Tatcher and postmodernism, a winning combination

This book was part of my curriculum at university and one of the few books from the Postmodernism course I liked (only topped by DeLillo's White Noise). Some chapters are rather tedious but overall definitely worth reading.

On a grand scale.

All books, of course, have a beginning and an end, but in this case that journey is a circle, taking you down a myriad of plots and stories, some of which are laugh out loud comedy, while others horrify and many are etched with pathos and nostalgia. Though you don't always realise it as you read, from the very first line the stories interweave with mathematical precision, leading to a madly predestined conclusion, hinted at throughout and sometimes with the smallest details holding the most devastating significance. Well researched, blurring fact, fiction, pain and dreams, how do you plan a novel containing so many interlinking stories, where the loose ends from each add up so perfectly? Worth reading... twice.

A truly political novel

This is the first Coe book I've read and I loved it. It's funny and clever, develops the plot in a fragmented, looping chronology with multiple perspectives, sources, and interlocking stories - all presided over by a very unhappy and frustrated lead narrator. You know, the sort of things you find in Martin Amis, Julian Barnes, and Will Self novels (and seemingly all serious films since at least `Pulp Fiction'). But it is more straightforward, with less literary ambition, or pretension, than what I've read from those authors. The story is much easier to follow, and one can say exactly what happens at the end, rather than speculating on the desultory and stridently ambiguous finishes those other authors frequently give us.The unfashionable clarity is a result of the book's overt politics. I find that Amis and Self bury their political commentary in stories that focus on how tormented their characters feel by the unexplained vagaries of life and how irreversibly complex it's all become.
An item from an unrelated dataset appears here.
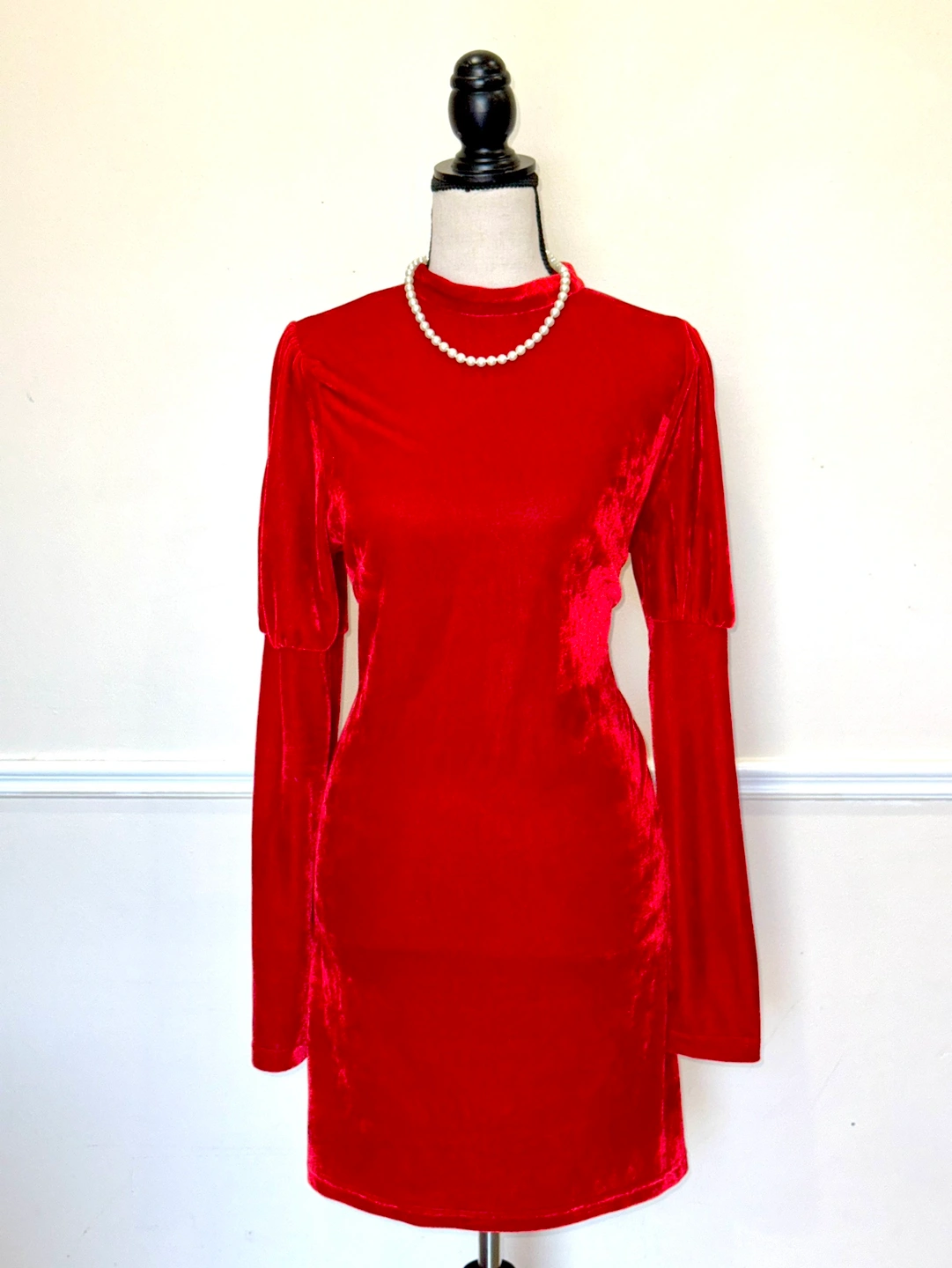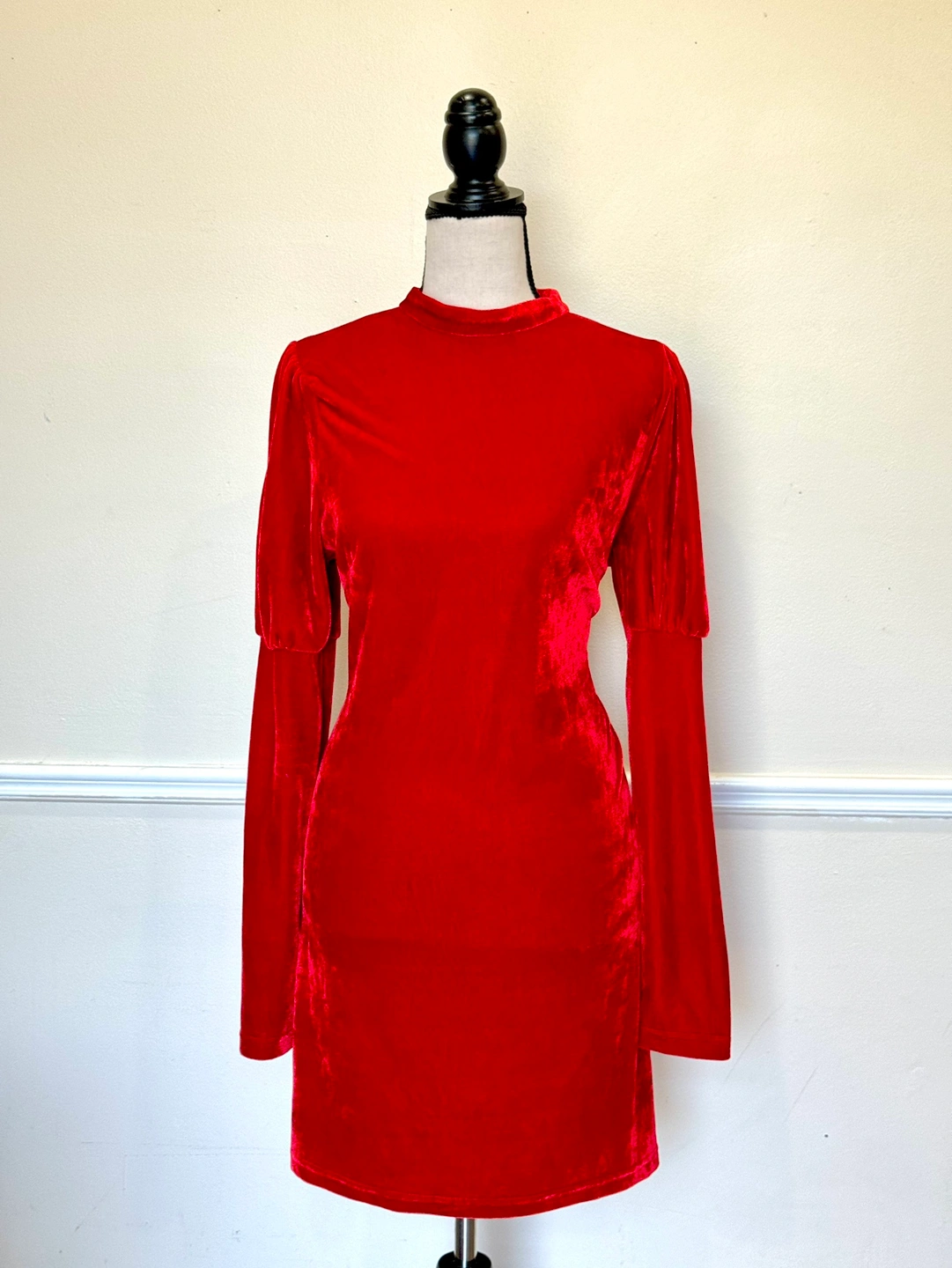 A red velvet mini dress with long sleeves. The dress has a mock neck and a fitted silhouette. It is perfect for a night out or a special occasion.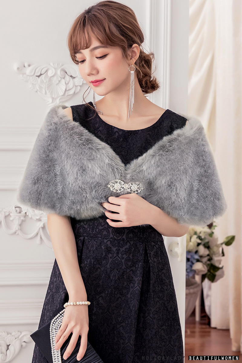 ファーボレロ 輝くブローチ付き ファーパーティードレス ボレロ カーディガン ショール ストールオシャレ ストール ボレロ カーディガン 肩掛け セクシー シースルー 着痩せ 羽織物 ショール ストール パーティードレス 結婚式 披露宴 発表会

Coe, on the other hand, is willing to identify and blame the forces that have made society such a mess and living so hard to figure out. It's not some Fat Controller with supernatural powers, nor a mysterious seeming-friend doing improbable things with the money system to play out a personal grudge. It's right-wing politicians and businesses who, among other things: control our news sources and fill them with meaningless gossip or misleading agitprop, stoke up wars and profit on arms sales, industrialise food production at the expense of the ecology and consumer health, and intentionally ruin our public services to serve their theological devotion to laissez faire economics. In this way, Coe actually has more intellectual heft than the authors who imply that the world is just cosmically, unfathomably unfair and unpleasant. He's telling us that the malignant forces are entirely within our control, were we willing to stand up to the bent plutocratic filth that are allowed to run our governments and economy.

Gothic social satire

Re-reading the final chapters of the book last night I realised they read much as a short story would. It is more than a little praise to say that not only Jonathan Coe's book contains enough material for several books but that the one he has authored is superior to the mere summ of its parts. It is rare for a novel to be both so cleverly gripping and so poignant, so well researched (I was flabbergasted by the precision of the part about industrial chicken production) and so funny. But there's also a political dimension in the book that is quite clear and a little disingenuous: all evil, it seems to say, comes from greed, all the greed is concentrated in the upper-classes: two more than dubious propositions. Happily I must say, otherwise one would be tempted to resort to the kind of solution suggested in the book by Morty Windshaw.